Burhanuddin menegaskan bahwa pemberian penghargaan ini harus menjadi pemacu kinerja yang nyata, bukan sekadar acara seremonial tahunan belaka.
"Dan saya mengharapkan bahwa pelaksanaan ini tidak hanya seremonial, tapi betul-betul adalah suatu penganugerahan terhadap para jaksa dan tentunya yang berprestasi, dan tidak hanya melihat luarnya saja. Saya mengharapkan nanti ada kerjasama jadi ini tentunya akan berefek pada kegiatan," kata Burhanuddin dalam sambutannya di Balai Diklat Kejagung, Ragunan, Jakarta Selatan, Senin (25/5/2026).
Sebanyak tujuh nominasi penerima penghargaan disiapkan dalam ajang ini, dan Jaksa Agung meminta seluruh pemenang untuk membuktikan kompetensi mereka melalui hasil kerja konkret di lapangan.
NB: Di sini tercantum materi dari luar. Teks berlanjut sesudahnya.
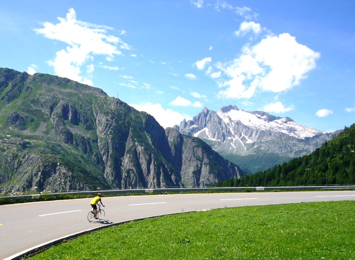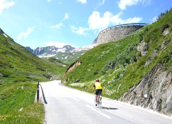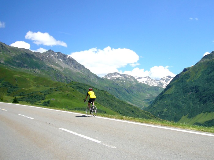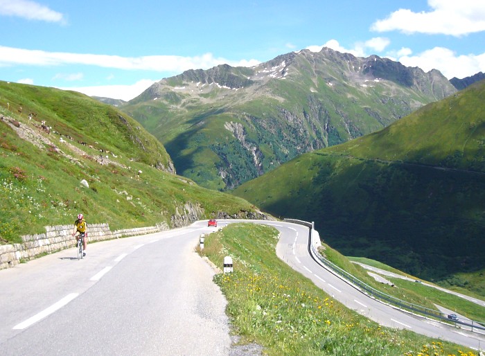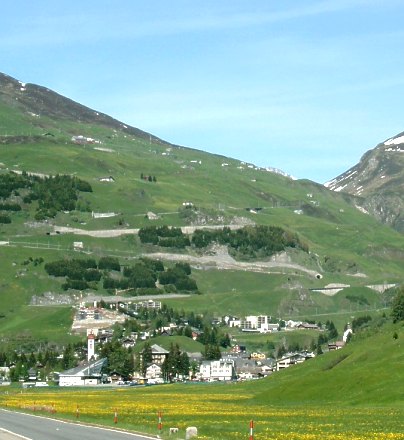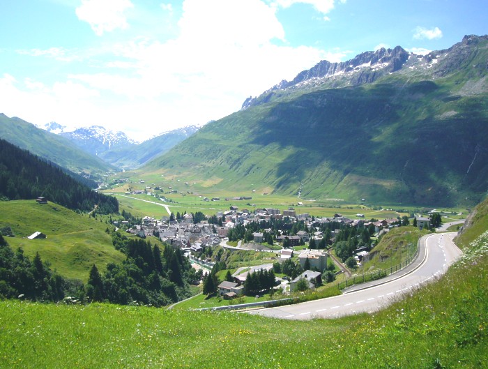 Blick über Andermatt auf die schönen Kehren des Oberalppasses
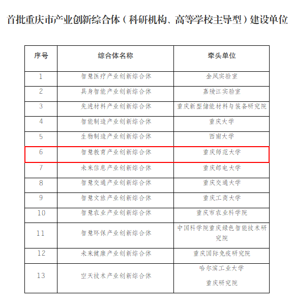 近日,重庆市科学技术局、重庆市经济和信息化委员会联合发布了《关于公布首批重庆市产业创新综合体(科研机构、高等学校主导型)建设单位名单的通知》,米乐官网成功获批建设“智慧教育产业创新综合体”(以下简称“综合体”)。
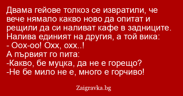 Двама гейове толкоз се извратили, че вече нямало какво ново да опитат и рещили да си наливат кафе в задниците.
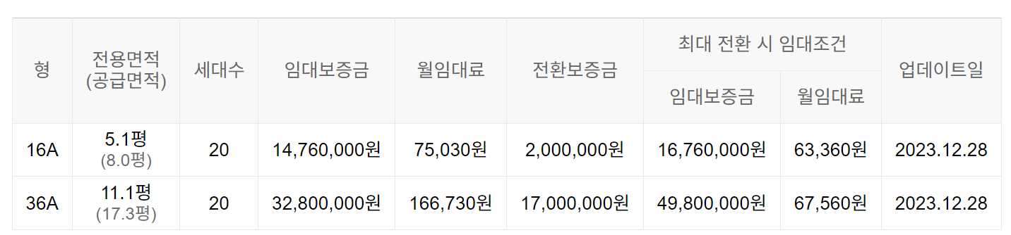 임대보증금 및 월 임대료는 입주자 모집공고일 기준이며, 보증금 최대 전환 시 변동될 수 있습니다.
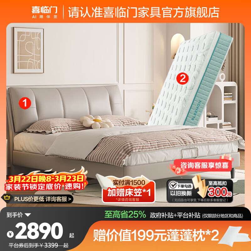 旗舰店喜临门真皮艺双人大床主次卧室现代简约软靠包尼亚pro[床架] 云雾米+云朗air床垫软硬适中-7天发货 1.8*2米
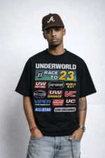 The RACE WORLD Tee is a heavyweight, premium 320 GSM cotton shirt designed for durability, structure, and comfort. It features a clean DTG (Direct-to-Garment) print for sharp detail and long-lasting clarity. Built for everyday wear with a structured fit that holds its shape.
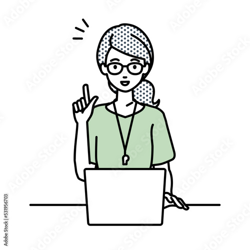 デスクで座ってPCを開いて何かひらめいた教師の女性

"Dan saya juga nanti saya minta kepada para penerima anugerah, ingat ini bukan akhir syarat untuk berprestasi, jauh lebih besar lagi. Ini adalah baru awal seseorang untuk muncul namanya. Tetapi yang paling utamanya lagi bagi saya, tunjukkan setelah kalian mendapat anugerah ini, tunjukkan kalau kalian bisa bekerja, kalian memang berprestasi, bukan hanya klaim saja," ungkap dia.
Pimpinan Korps Adhyaksa tersebut mengungkapkan rasa khawatirnya yang mendalam karena adanya pengalaman buruk di masa lalu terkait integritas oknum penerima penghargaan.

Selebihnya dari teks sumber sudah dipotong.